Is this really what you are so excited about? I can give you some titles to some books on propositional logic. My two favorites are Aristotle's square and Dignaga's circle. Both use a far more complex theory than the Overton Window. Both produced commentators who massively built upon them. And neither sit on the left vs right spectrum. Others exist too. You should get into the history of it and not merely embrace some pop theory built upon them.
Burnley123 · 41-45, M
I don't always agree with Pics and I have no idea about the disagreement in the OP, but the Overton Window is a common term in political lexicon.

It describes something clearly observable: What is possible to say or do politically in a given time or the place.

This text is a secondary source (Primary source would be just reading Aristotle or Boethius' writings), a collection of essays on current research on The Square of Opposition. When you see the square in that book cover on a essay or another book (same color scheme), it is for propositional logic by the same organization.

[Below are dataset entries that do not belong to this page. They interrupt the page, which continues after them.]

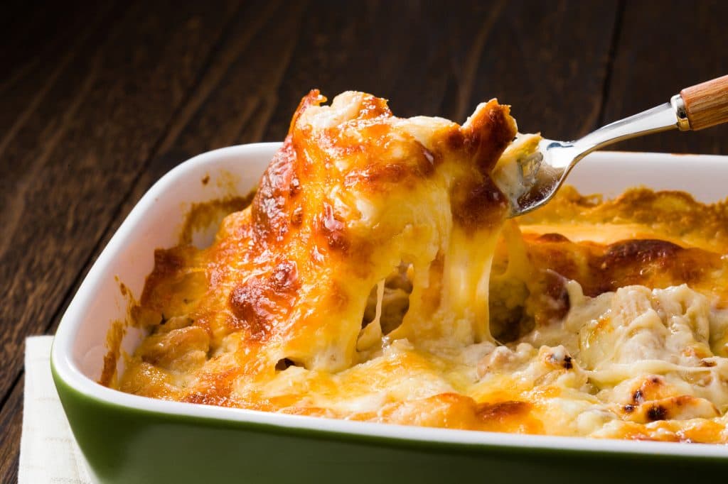 食材には、ホワイトソース(ベシャメルソース)や、チーズをかけてオーブンで焼き上げ、表面をこんがりと焦がすのが特徴的です。
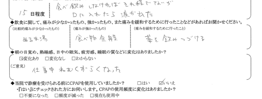 (痛みの程度について) 食べ飲みしなければ、それ程ではないが、口に入れたら涙が出た。
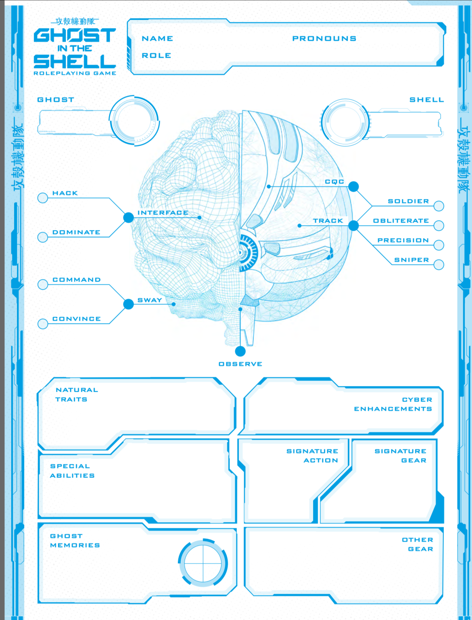 Fortunately, the Ghost in the Shell ARISE TTRPG does not go (quite) that far. Characters in the Ghost in the Shell ARISE TTRPG are built using a Playbook (i,.e. archetype) and described in terms of a Ghost (mental) and Shell (physical) Attributes, each of which has Actions are tied to them.
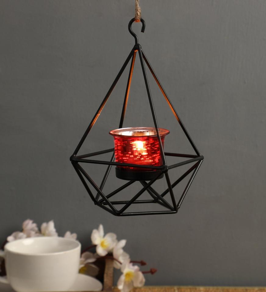 Modern Diamond-shaped Metal Glass Lantern for Home Craft Decor for Easter Tabletop Ornament or Indoor Art Arrangements

That Square was turned into a Octogon in the middle ages. It's now the foundation of computer programming.

I use it more for OSINT Hostage Location, map making, hermeunetics, as well as research into new types of inference.

After you look into that, look up the Jain rebuttal to propositional logic (I've been reconstructing their logic for a while), and then look into Dignaga's Hekuchakra. I'd do Dignaga last as most people don't grasp how it is similar at first.
Burnley123 · 41-45, M
@Motzu
I'm just more curious why he, a avowed socialist, is obsessed with using something seen as right wing thought.

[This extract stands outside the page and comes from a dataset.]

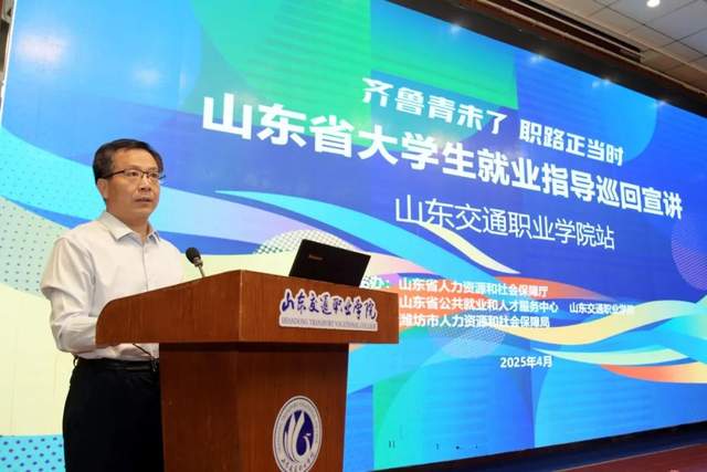 近日,由山东交通职业学院承办的“齐鲁青未了·职路正当时”山东省大学生就业指导巡回宣讲活动圆满落幕。省人社厅就业促进处二级调研员张连军,东北师范大学就业创业教育研究院执行院长、博士生导师刘海滨,省公共就业和人才服务中心就业服务处(专业技术六级)刘容秀,市公共就业和人才服务中心副主任吴茵政,市公共就业和人才服务中心大中专毕业生服务科科长刘先谨等专家莅临现场。山东交通职业学院副院长李德福、张金柱出席,相关部门及各系师生代表300余人参加。

It's not seen as rightwing. As a concept, it's pretty much politically neutral. It has been used to describe how Western societies have moved to the right (at least on economic policy since the 1980s. The tenants of neoliberalism used to be seen as radical right but have become common sense.

The above argument is most commonly made by people on the left!

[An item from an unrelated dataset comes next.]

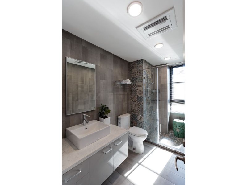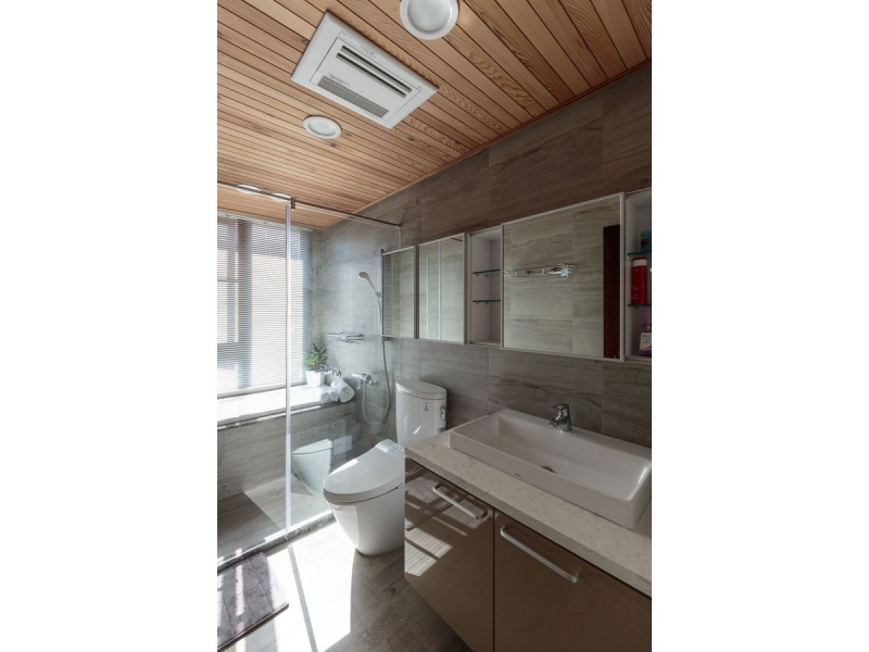 主臥浴室將木質元素的運用延伸到浴室空間裡,木紋天花鋪陳出視覺層次,營造自然的寫意氛圍。

If you see it commonly discussed in your political circles, it's because you are swimming in the shallow end of the intellectual pool. I don't read Glen Beck or follow Fox News (which is what I saw most commonly cited on Google).

You clearly have training in philosophy but it's a bit much to call me out for swimming in the shallow end of the intellectual pool. I also don't read Glenn Beck or follow Fox News! 🤣

I read books about history and politics. The political commentators I follow are Marxists and Keynesians.

Maybe I'm not up to your level but so it goes!
@Burnley123 I didn't accuse you but pictures. He isn't responding.

And propositional logic shouldn't be restricted by political group, race, or nation, it is supposed to be universal. When it isn't, we have a problem. I only encountered this twice, and the first time left no imprint except with specialists like myself looking at it like a curiosity (was a French revolutionary scheme that is quite original and nobody followed up on or bothered to translate his work), and the other is a Indian concept called "invariable concomitance", and come across it in Hindu and Buddhist works of logic. I've asked old abbots of buddhist monasteries what it means, and they just giggle and look elsewhere in the room until I leave them alone. I've asked a few indian logicians, they start off saying sure, we'll explain it, and then they fail to explain it and tell me to ask someone else.

Only one book has been written on it, this one:


And he uses allegory to explain it, but everytime he explains it, he says it is similar to that but not quite, let's use another explanation, and does it about 400 more times. Then he suddenly restarts the text half way through, and tries to explain it via a very differnet method. And he never fucking explained it. I tried emailing him, but he managed to die right before I bought the text.

So 99% of the terms developed through history are universal.

But from a quick glance, the Overton Window seems to be a american right wing (by right wind we don't mean european right, american right is a very different creature) fixation. I don't know why, it's too shallow of a concept for me to waste anymore time on, but even the main website says as much.